What determines CFD accuracy for aircraft design?

Question

Do CFD results depend on the knowledge of the person who is working with software or do the final results just depend on computer power and CFD software?

Does one need to know aerodynamics to do serious CFD work or is everything in the CFD software?

Answer 1

CFD is a prime example for "garbage in – garbage out".

There is a large range of parameters that needs to be set correctly, from fluid properties to surface roughness. If the persons feeding the software do not understand what they are doing, it is very hard for them to judge the result. Lots can go wrong and will produce colorful but wrong results.

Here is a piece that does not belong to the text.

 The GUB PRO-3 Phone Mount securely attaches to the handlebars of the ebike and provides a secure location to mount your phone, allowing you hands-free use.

CFD is best suited when you know what to expect and can check the correctness with real-world data. Then it is fair to assume that the results over the whole flowfield are realistic and looking into corners that cannot be observed in an experiment makes CFD supremely useful.

Why else are wind tunnels still solidly booked and running? Today, it is mostly for validating CFD results and making sure the complex software produced realistic results.

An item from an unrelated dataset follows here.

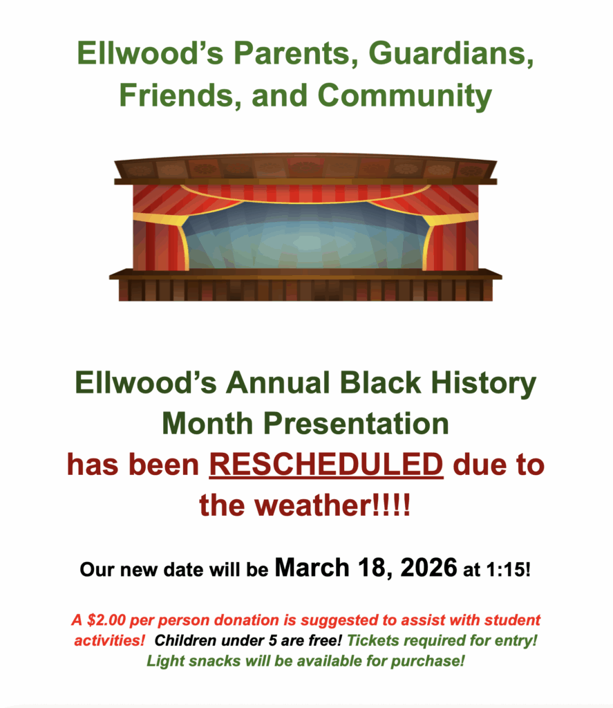 Hello Ellwood Parents and Guardians. Tomorrow, December 15th, will be a 2 – Hour Delay Schedule due to the weather. School will start at 10:15 and Breakfast will be served at 10:00. We look forward to seeing all scholars in the morning!

Now I have answered your question body. Since you asked something rather different in the title: That answer follows here:

Accuracy depends on:

• The code: Potential code cannot model separation, Euler codes cannot model viscosity. Navier-Stokes codes can, but still have trouble with turbulent, separated flows. For more detail, make sure to read the answer of @XRF.
• The mesh geometry: It is hard to get the mesh right so solutions iterate well and results are robust.
• Mesh resolution: A coarse grid (2D) or mesh (3D) will create poorer results than a fine mesh. Of course, computational load goes up with mesh size.
• The domain being investigated: Subsonic, fully attached and steady state flow is easier to get right than separated flow or the exact shock position in transsonic, instationary flow.

Answer 2

One measure that can greatly affect the results of CFD is the choice of turbulence model. Even just looking at the popular RANS (Reynolds Averaged Navier-Stokes) models, different versions exist. One version of the model that works well for one type of aerodynamic scenario may not work so well for another. Models are often picked based off of knowledge of how well the same model has worked for other similar designs, and followed up with wind tunnel verification.

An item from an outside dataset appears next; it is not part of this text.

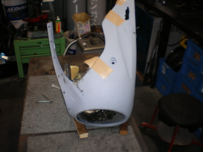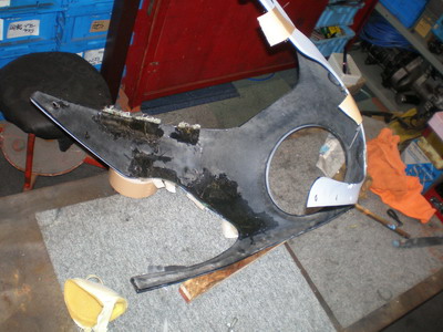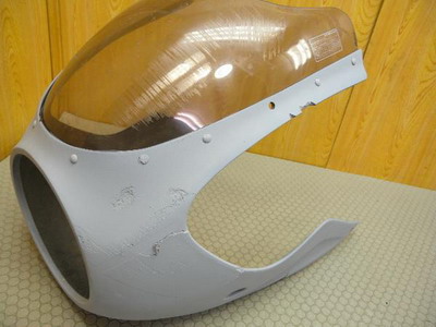 | ロケットカウル(バンディット)が手に入ったのでこれを使います。レア物のカウルで新品は凄い値段!バキバキに割れている物でもそんなに安くなかった・・・ファイバーなので修理は楽ですね。 | デカールの上からサフェを吹いてあるんですから!結局全て剥離になってしまいました。面倒!! |

Now the closest you can get to completely automatic CFD is a process called DNS (Direct Numerical Simulation). DNS foregoes the turbulence model entirely by simulating down to the scales where turbulence naturally disipates. This makes DNS incredibly accurate, but requires extreme amounts of processing power. Even then, to use DNS you still need to know what the time and length scales that the turbelence disipates at. These scales are called the Kolmogorov scales and reqire some aerodynamic knowledge to calculate (although some one could probably add automatic calculation to a program, computational power requirements righ now limit the application of DNS to mostly research use where the user is certain to have some understanding of aerodynamics).